Hi all, I am volunteering as a mentor for flashrom this year. I'm happy to mentor a variety of projects, this is just another suggestion. Some of the groundwork exists already, but AFAIK flashing with a host-connected microcontroller involved is still rather painful.
Anyway, here's a draft proposal.
*Abstract* The goal of this project is to help Flashrom prepare for future generations by re-thinking the notion of an "internal" programmer to elegantly incorporate product-specific procedures for coordinating the interactions between the host (where flashrom is run) and various microcontrollers in the system.
*Requirements* Student should have some experience using flashrom, familiarity with the codebase and in particular the "internal" programmer codepath. The student will must be comfortable re-factoring flashrom code. The student does not need datasheet-level knowledge of any particular chip (all that exists in code already), but must have some idea of how firmware ROMs are used in a modern x86 system so that a proper abstraction model can be implemented.
*Background* When Flashrom was started long ago, the "internal" programmer was much simpler. Most mainboards had exactly one master (the chipset or "southbridge") and one target (NOR flash memory connected via LPC/FWH or SPI bus). In general, desktop and servers machine only had one master interfacing with the flash memory chip so the programming model was simple as there were no possible access conflicts. About the only thing needed was to ensure GPIOs for write-protection and memory ranges were set properly.
However, laptops broke this model by incorporating an additional microcontroller, commonly known as the "embedded controller" or EC, which often share the same flash memory. Flashrom has always had difficulties with laptops, going so far as to force the user to use the option "force_I_want_a_brick". Modern desktop and server chipsets have begun incorporating yet another microcontroller (AMD IMC and Intel ME) and now Flashrom is suffering similar difficulties on desktops and servers which it has historically been reliable on.

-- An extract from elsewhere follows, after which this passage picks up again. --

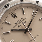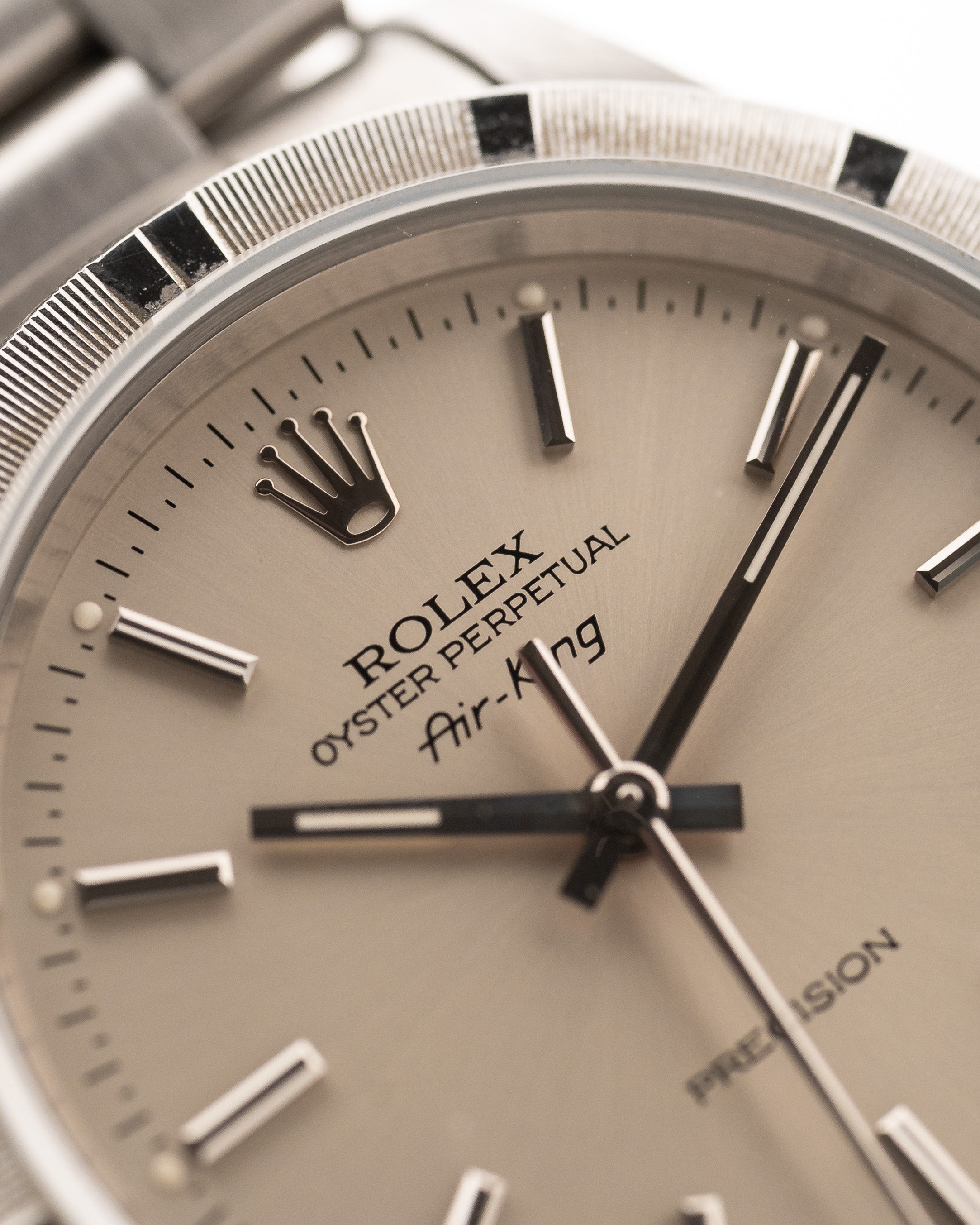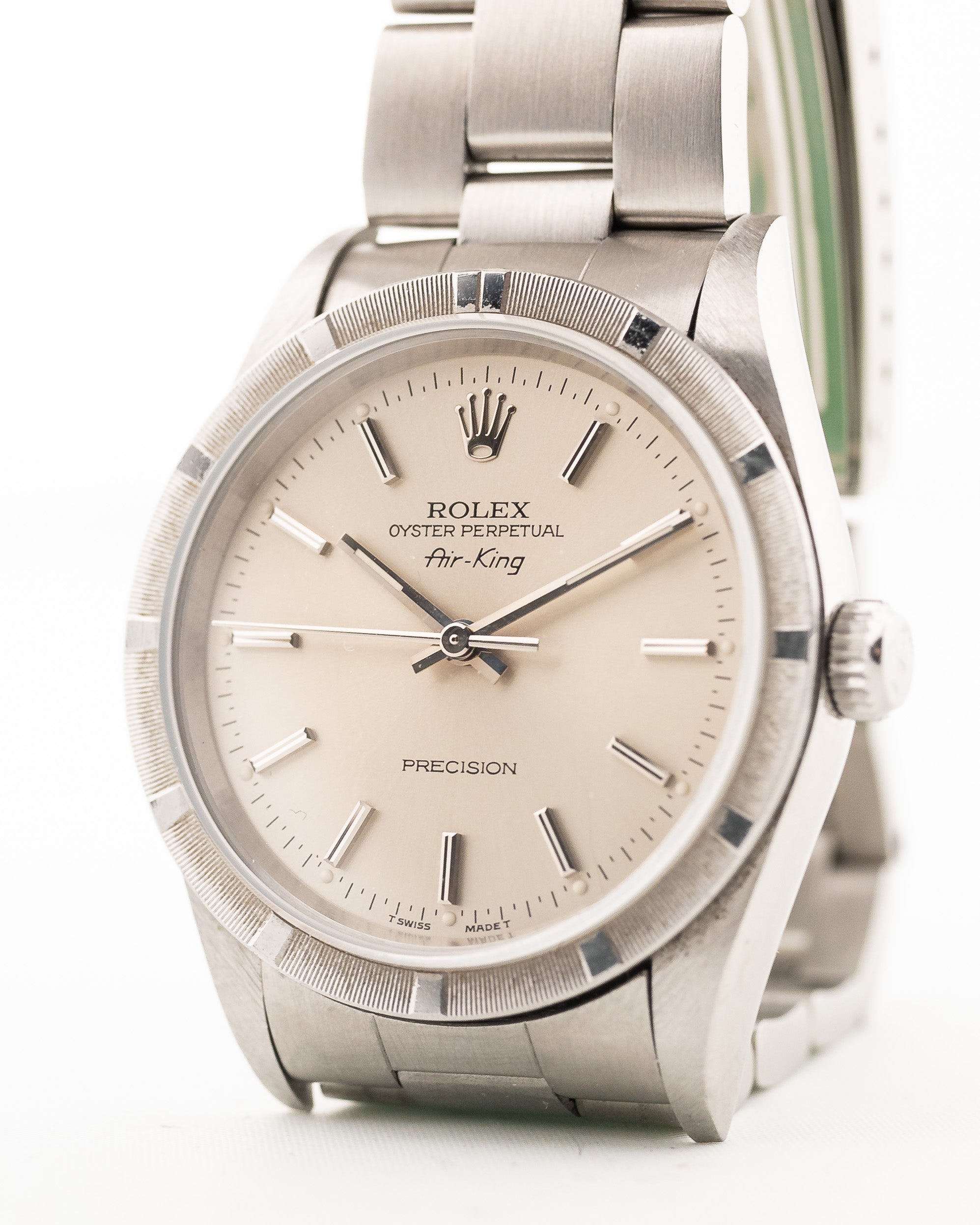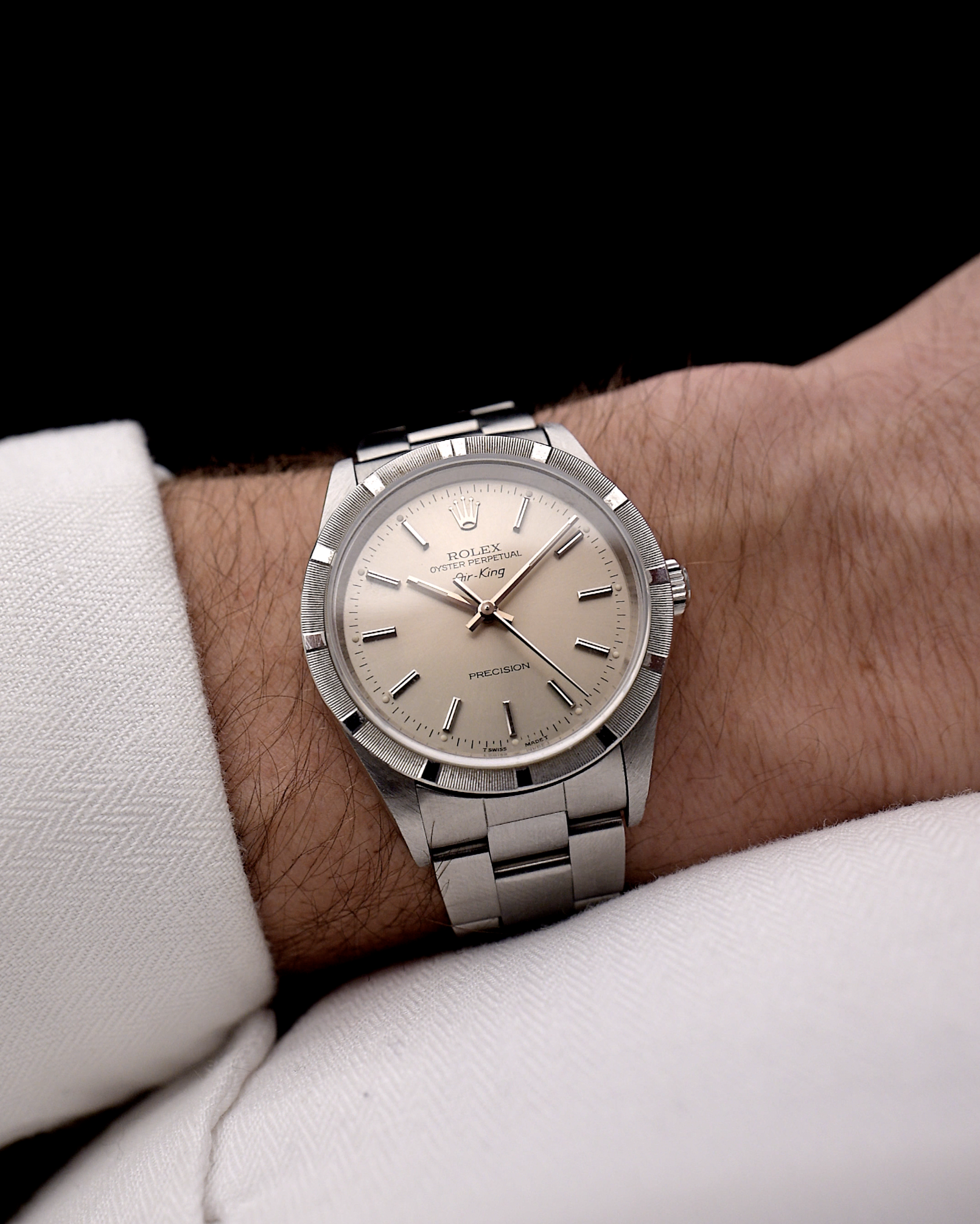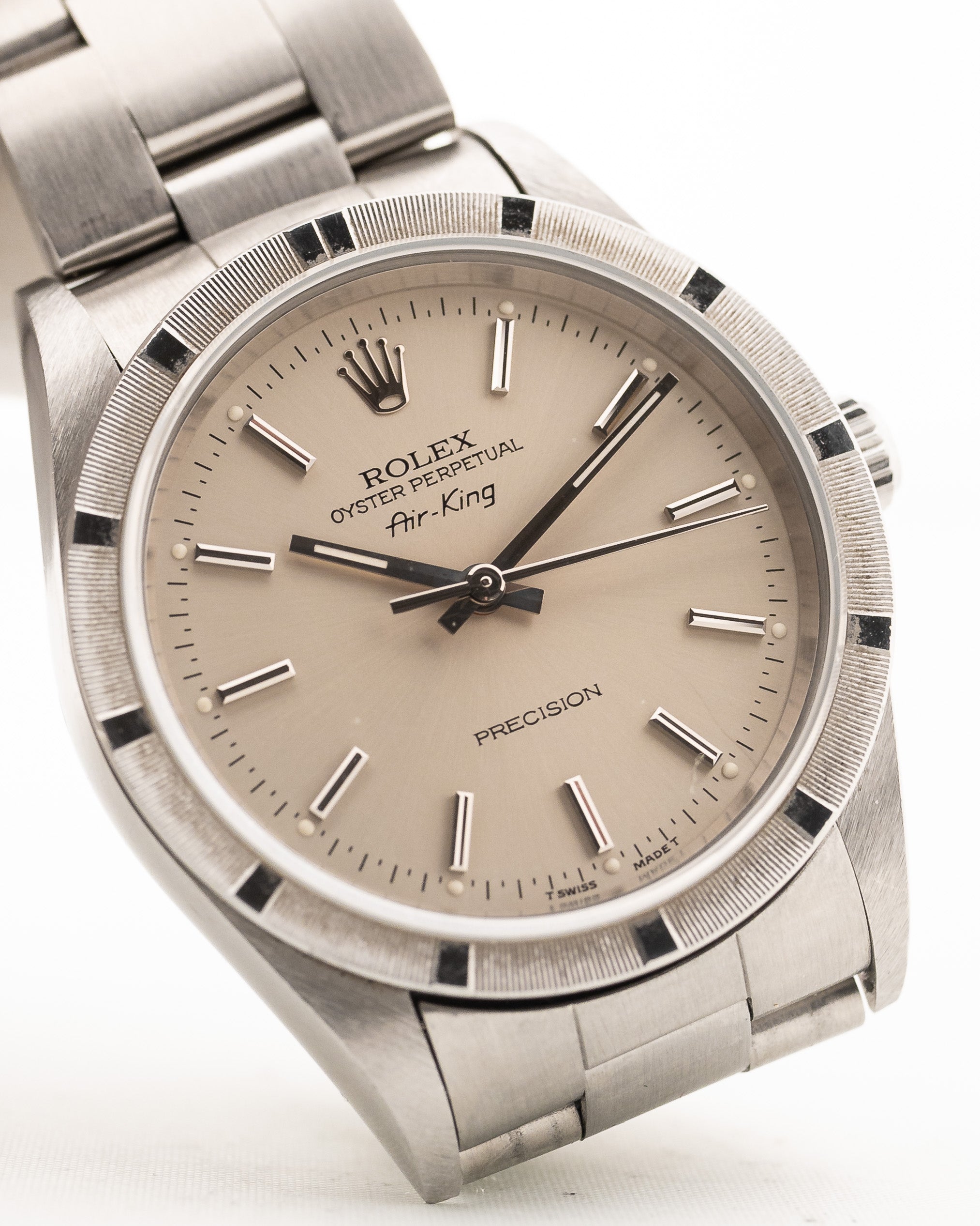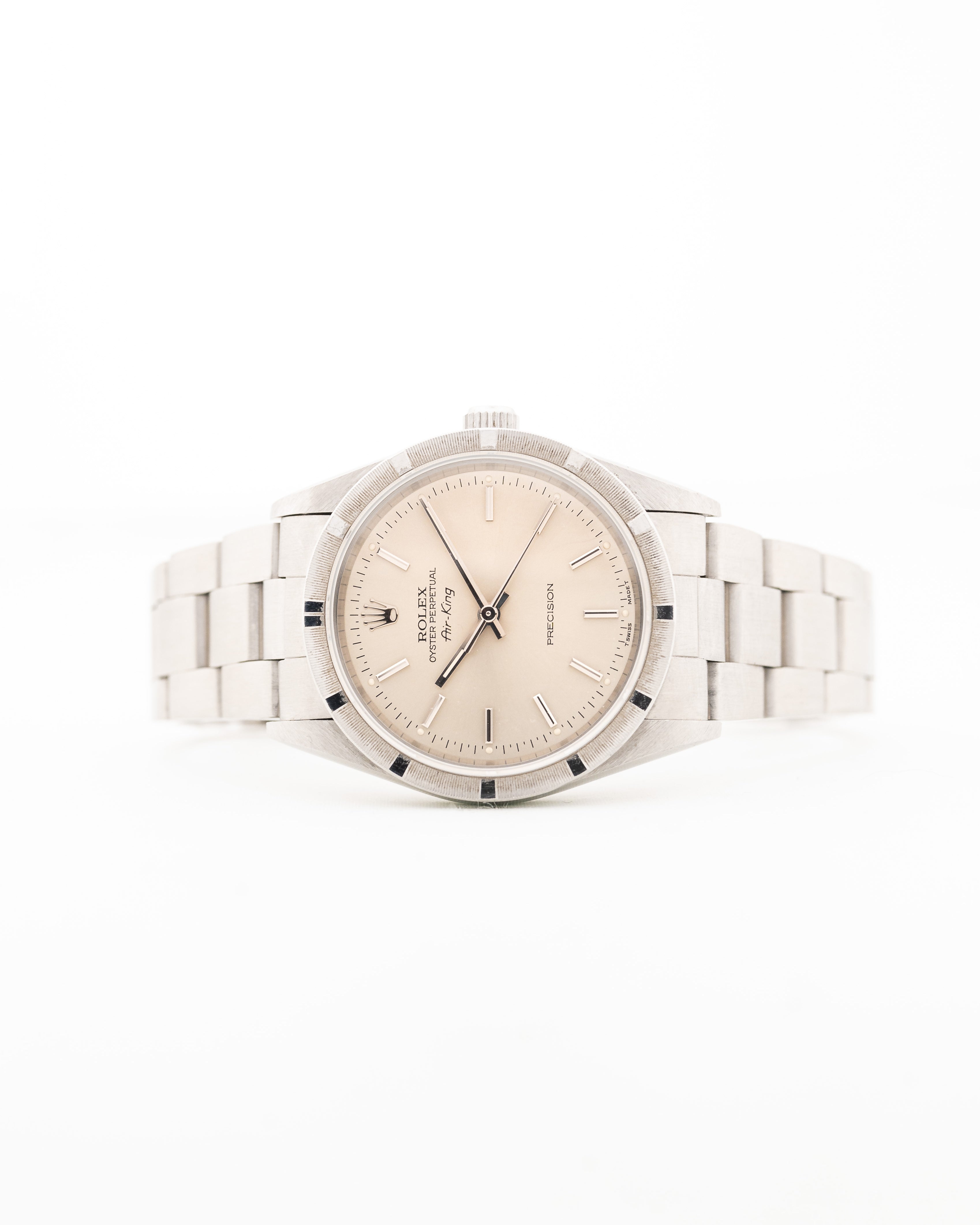 تُعد ساعة Air-King واحدة من آخر الموديلات التي لم تكن معروفة لدى رولكس وتتميّز بكل ما يمكن أن يطلبه المرء من عائلة ساعات أويستر بيربيتشوال من تصميم كلاسيكي. وقد جعل هذا المرجع من البساطة عنصرًا أساسيًا في هذه الساعة، حيث يتميّز المينا باللون الفضي الأنيق مع مؤشرات مطبوعة لوضوح القراءة وتضفي العقارب العريضة مظهرًا أنيقًا بشكل عام.

*Details* Laptops broke the simple model due to the presence of secondary microcontrollers ("embedded controllers" or ECs for short). These are low-power SoCs which are often used for tasks such as power management, keyboard scanning, reading sensors, etc. and are usually conntected via LPC to the host chipset. They source power from the battery and run independently and constantly thus allowing laptops to respond to events such as keypress (e.g. power button on keyboard matrix rather than GPIO), lid open/close, etc. while the host is off or suspended. EC firmware is generally written for a particular mainboard or family of mainboards. There is generally no single firmware update procedure for a particular EC. So even if two different laptops use the same EC, the update procedure is likely to be different.
ECs may require frequent access to the ROM under normal operation due to loading code and data (many ECs have only hundreds of bytes of internal RAM). Additionally, they typically respond to several interrupt sources. In order to update the firmware of an EC we must make the EC enter an update mode to disable interrupts suspend normal operation (to avoid spurious access to the ROM). The firmware code for ECs is generally closed, though some vendors have made update procedures public.
To make matters more complicated, modern x86 chipsets often include yet another microcontroller such as Intel's Management Engine (ME) or AMD's Integrated Microcontroller (IMC). Similar to ECs, these are low-power microcontrollers which may run persistently and share the firmware ROM with the host chipset, thereby adding another master flashrom must coordinate with.
One added complexity brought about by Intel MEs is that certain regions of the firmware ROM may be protected from reads and/or writes from the host. Flashrom has always assumed that it can access the entire ROM which is no longer true on modern Intel systems. Mainboard-specific policy must be set so that Flashrom can alter or disable the protection (if ME update is required), ignore the ME region (if ME update can be ignored), or simply refuse to update at all (likely the default behavior).
*Milestones*
- Refactor internal programmer codepath so that mainboard-specific policies and procedures may override default behavior. This may improve upon the existing board_enable functionality, but will take a more proactive role in the read/write procedures rather than being only for enable/disable routines. This will handle things such as: - Microcontroller discovery (since EC/SuperIO IDs can conflict) - Abstraction of low-level interfaces (e.g. IO ranges used for communication) - Mainboard-specific protocol handling (ie special read/write routines for ECs) - Decisions such as what to do in case of a potentially non-fatal error (ME read/write access denied) - etc. - Incorporate EC code from ChromiumOS branch. Code will be tested on "known-working" production systems. - Improve the "-p internal" syntax so that internal targets can be specified by device class instead of bus, e.g. "-p internal:ec", "-p internal:host", "-p internal:imc", etc.